South liable for greenfield penalties
- 1 October 2009
The NHS will be liable to pay £44m to BT if it fails to deliver four ‘greenfield’ sites in the South of England ready and willing to take Cerner Millennium.
Assuming all goes well, the Department of Health will pay £73m to BT for installing Cerner Millennium at four Southern sites.
But should the trusts baulk at taking the software, the health service will be liable for penalty payments of up to, £44m – 60% of the total. The money would come out of the total allocation for NHS IT in the South.
The four trusts in question are understood to be Oxford Radcliffe, Royal Bath, North Bristol and one other.
The liabilities date not from the beginning of the National Programme for IT in the NHS but are set in a contract signed just three months ago, after well publicised problems with Cerner Millennium at Barts and the London and the Royal Free trusts in London.
In June, BT signed a new £546m contract to support the eight existing Cerner sites in the South, to implement Millennium at four more sites, and to install RiO in 25 community and mental health trusts. The deal was struck a year after Fujitsu was sacked as the local service provider for the cluster.
Trust board papers seen by E-Health Insider state: “If the trusts leaves the national programme, it will undermine the CCN [Change Control Notice] already signed for the greenfield sites, and incur penalty costs for the NHS.
"If the NHS in the South does not deliver the four greenfield sites, it is liable for 60% of the £73m.”
The papers from Oxford Radcliffe Hospitals NHS Trust say that while these costs are unlikely to fall to individual trusts, they would most likely “be deducted from the funding allocated to the South for the national programme."
The trust says that the NPfIT option is worth up to £30m to the trust, with funding of up to £25m in initial investment costs promised centrally, together with annual operational support costs of approximately £750,000 a year through to 2015.
As part of the post CCN deal with BT, the trust is also promised a Cerner domain shared only with the neighbouring Nuffield Orthopaedic Centre. Each of the four greenfield sites will now get their own domains.
Examining the alternative options available, Oxford Radcliffe says that ‘do nothing’ is not an option “given the age and functionality of OXPAS” – the PAS system currently in use, which is more than 20 years old.
The trust says that OXPAS is obsolete and “cannot support Choose and Book, 18-week waits, or the wider demands of clinical activity and first-class patient care."
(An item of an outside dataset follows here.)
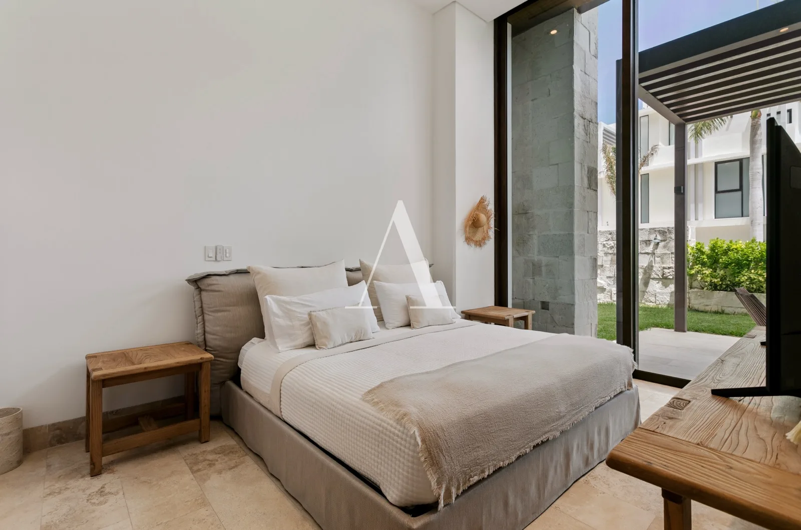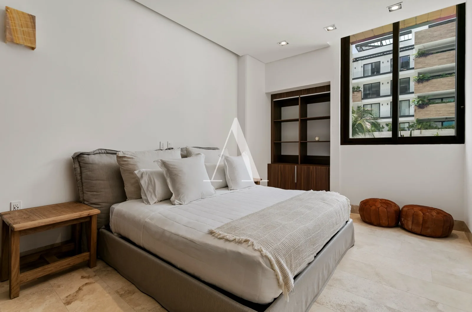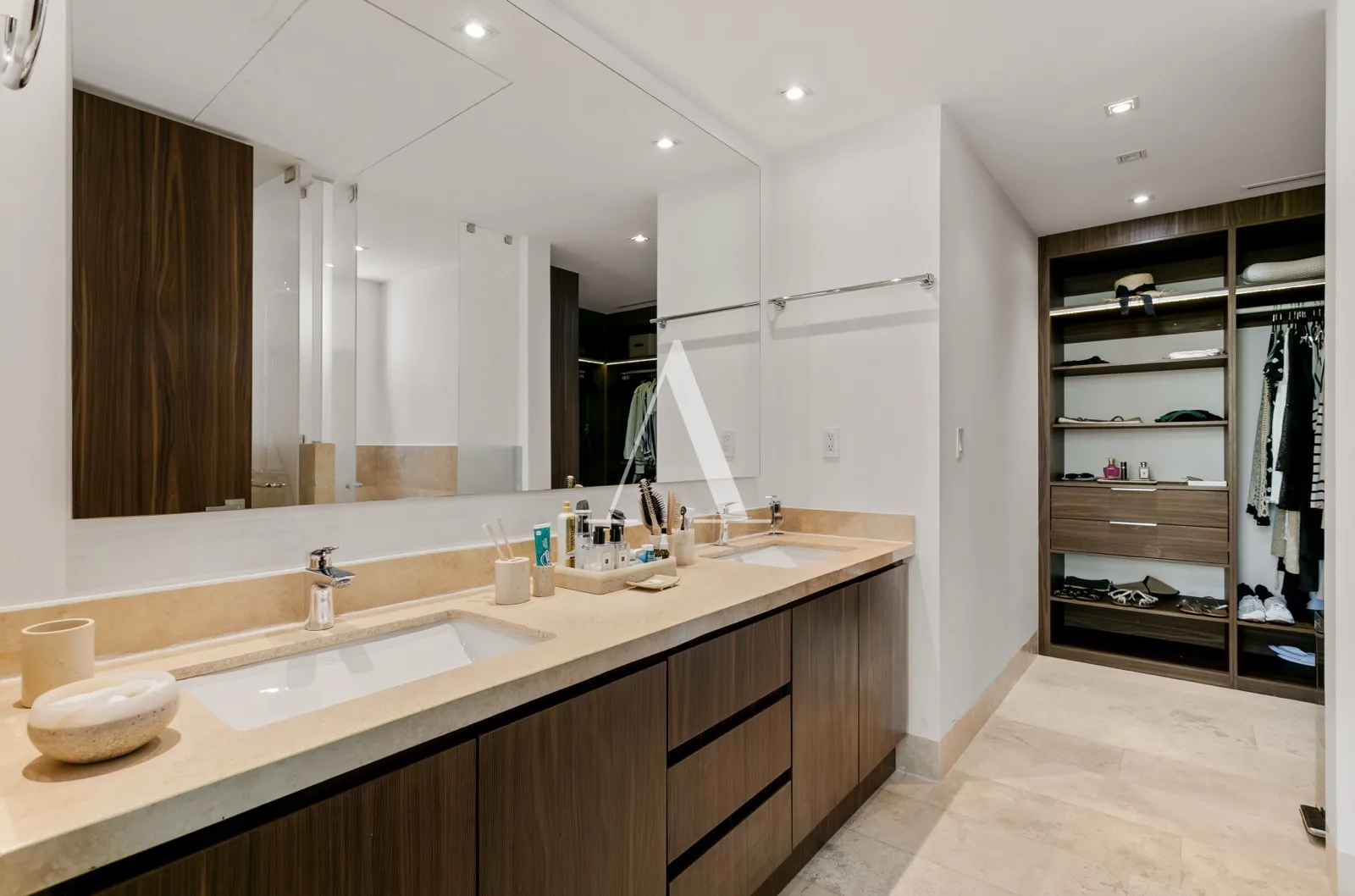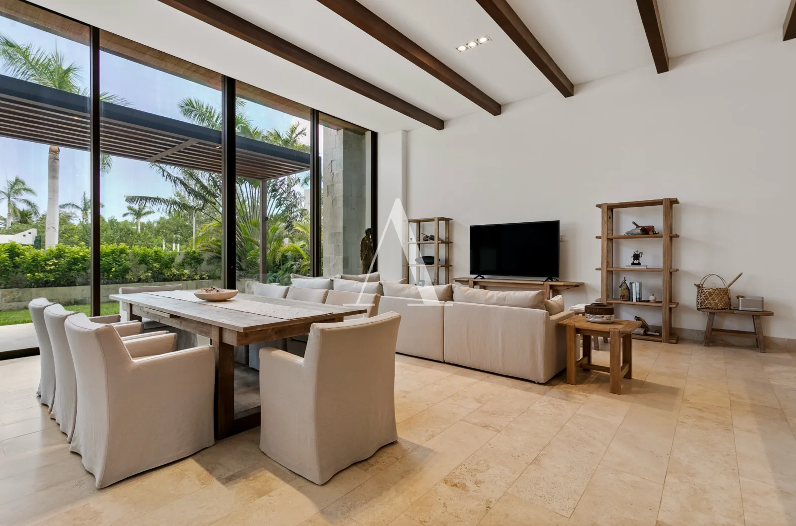 The residence is furnished and decorated in a minimalist style with warm tones. The expansive living and dining areas integrate seamlessly with the kitchen. The kitchen features a large quartz bar counter and is fully equipped with high-end appliances.

On procurement through ASCC, it says: “This would be funded under the national programme, but would provide no additional control over functionality and cost.”
The trust estimates that following the ASCC route would also lead to additional delays of a year or more, as well as running the risk of the NHS incurring penalty costs.
“This option would also increase the internal CRS team costs (which are met by the trust) by at least £1.5-£2m for the extended programme and additional contract management support," it adds.
The final option examined, and quickly rejected, is withdrawal from the national programme.
“The trust could undertake its procurement, but in doing so would incur delays of at least a further year, as well as capital costs of approximately £25m, and service charges of approximately £750,000, that the trust would have to meet from year one…”
Even so, the board papers say that repeated delays have sapped confidence among clinicians. “There is a high level of clinical support and enthusiasm for CRS, although the number of false starts has generated scepticism that a scheme will be delivered.”
Oxford Radcliffe had been part of a Thames Valley-wide collaborative procurement, which had selected Cerner as a preferred supplier back in 2003. The collaborative procurement , which first completed a business case in 2000, was halted at the advent of the NHS IT programme in 2003.
Reasons given for halting the collaborative procurement at the time were that it would be more expensive than the national IT procurement and not be able to deliver as quickly.